DATA TO USE
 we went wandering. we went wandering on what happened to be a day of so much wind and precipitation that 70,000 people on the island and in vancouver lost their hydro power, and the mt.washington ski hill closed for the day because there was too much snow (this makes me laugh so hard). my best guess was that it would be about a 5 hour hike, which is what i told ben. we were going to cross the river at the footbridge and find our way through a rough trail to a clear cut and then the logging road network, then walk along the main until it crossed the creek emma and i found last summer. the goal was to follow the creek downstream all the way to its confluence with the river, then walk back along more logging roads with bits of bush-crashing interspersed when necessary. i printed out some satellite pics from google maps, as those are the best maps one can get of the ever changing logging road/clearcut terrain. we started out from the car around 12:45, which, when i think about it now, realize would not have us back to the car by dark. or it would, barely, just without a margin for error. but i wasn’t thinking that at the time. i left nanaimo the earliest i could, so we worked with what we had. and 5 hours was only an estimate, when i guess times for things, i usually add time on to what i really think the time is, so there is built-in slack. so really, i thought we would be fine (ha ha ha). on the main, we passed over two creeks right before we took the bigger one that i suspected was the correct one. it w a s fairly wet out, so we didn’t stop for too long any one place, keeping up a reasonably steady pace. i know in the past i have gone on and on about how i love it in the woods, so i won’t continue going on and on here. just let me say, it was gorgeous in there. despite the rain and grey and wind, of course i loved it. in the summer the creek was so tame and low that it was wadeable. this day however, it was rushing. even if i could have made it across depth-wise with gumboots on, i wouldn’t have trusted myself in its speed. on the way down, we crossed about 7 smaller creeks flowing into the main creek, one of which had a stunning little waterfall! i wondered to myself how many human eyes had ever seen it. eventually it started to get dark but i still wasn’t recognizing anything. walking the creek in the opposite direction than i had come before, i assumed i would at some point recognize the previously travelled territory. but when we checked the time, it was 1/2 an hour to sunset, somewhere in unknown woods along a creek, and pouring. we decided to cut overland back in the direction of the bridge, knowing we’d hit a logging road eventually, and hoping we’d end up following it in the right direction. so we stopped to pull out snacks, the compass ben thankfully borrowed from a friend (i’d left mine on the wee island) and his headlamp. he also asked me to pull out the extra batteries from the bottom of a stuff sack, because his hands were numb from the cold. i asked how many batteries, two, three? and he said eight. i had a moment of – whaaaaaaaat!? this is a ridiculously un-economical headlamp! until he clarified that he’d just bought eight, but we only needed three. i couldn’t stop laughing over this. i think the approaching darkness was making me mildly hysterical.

---

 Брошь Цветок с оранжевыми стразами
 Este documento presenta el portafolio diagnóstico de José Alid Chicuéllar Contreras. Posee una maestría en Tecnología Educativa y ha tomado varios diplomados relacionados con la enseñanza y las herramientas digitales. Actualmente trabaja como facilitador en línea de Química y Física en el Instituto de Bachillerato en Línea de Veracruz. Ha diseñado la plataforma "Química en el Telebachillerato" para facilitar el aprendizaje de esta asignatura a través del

--

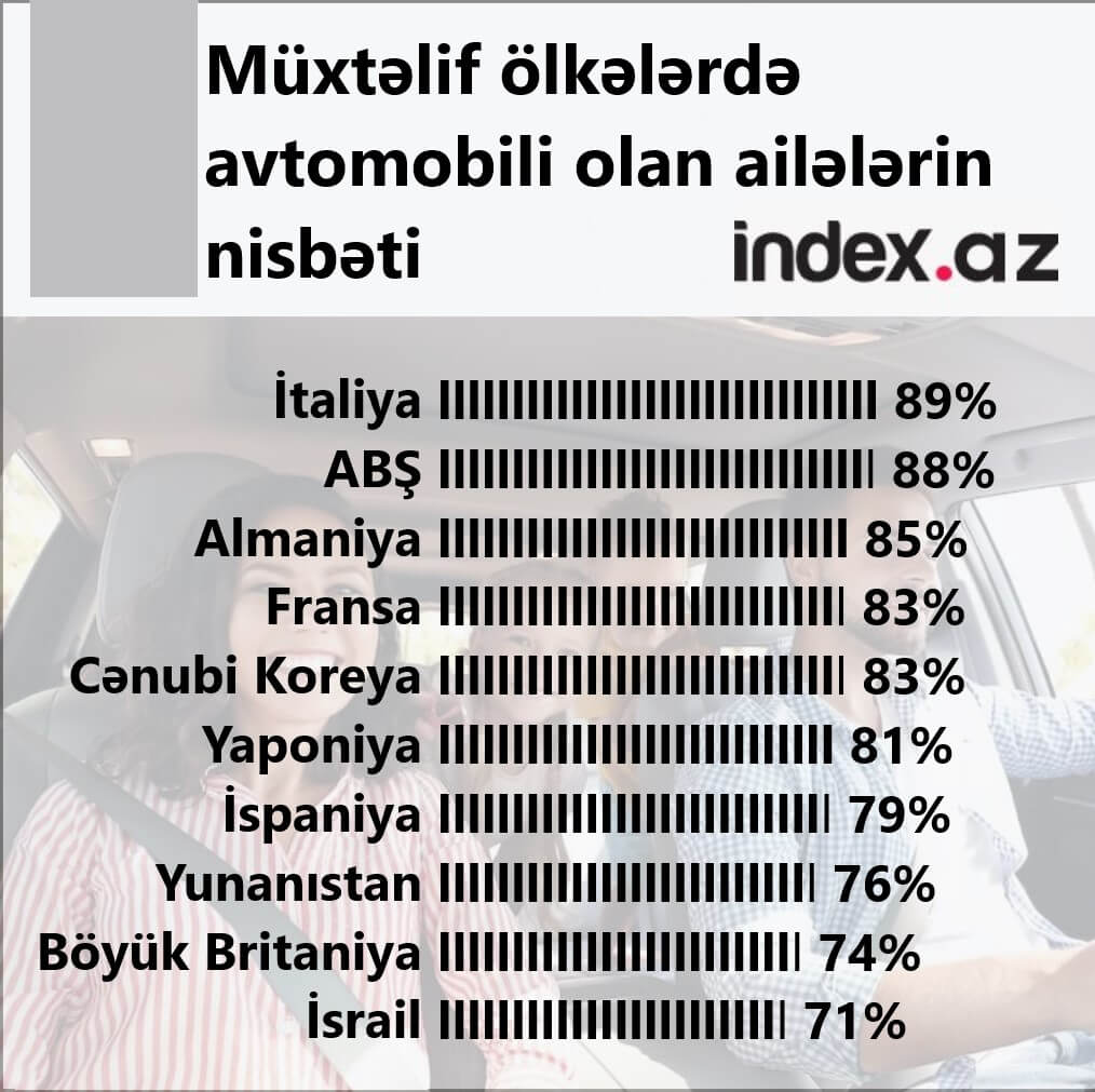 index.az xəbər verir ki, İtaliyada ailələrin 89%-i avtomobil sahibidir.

TRY IT
Above are the records; from them, give again exactly the lines from the one containing "Брошь Цветок с оранжевыми стразами" through the one containing "Este documento presenta", both included.

YOUR SOLUTION
 Брошь Цветок с оранжевыми стразами
 Este documento presenta el portafolio diagnóstico de José Alid Chicuéllar Contreras. Posee una maestría en Tecnología Educativa y ha tomado varios diplomados relacionados con la enseñanza y las herramientas digitales. Actualmente trabaja como facilitador en línea de Química y Física en el Instituto de Bachillerato en Línea de Veracruz. Ha diseñado la plataforma "Química en el Telebachillerato" para facilitar el aprendizaje de esta asignatura a través del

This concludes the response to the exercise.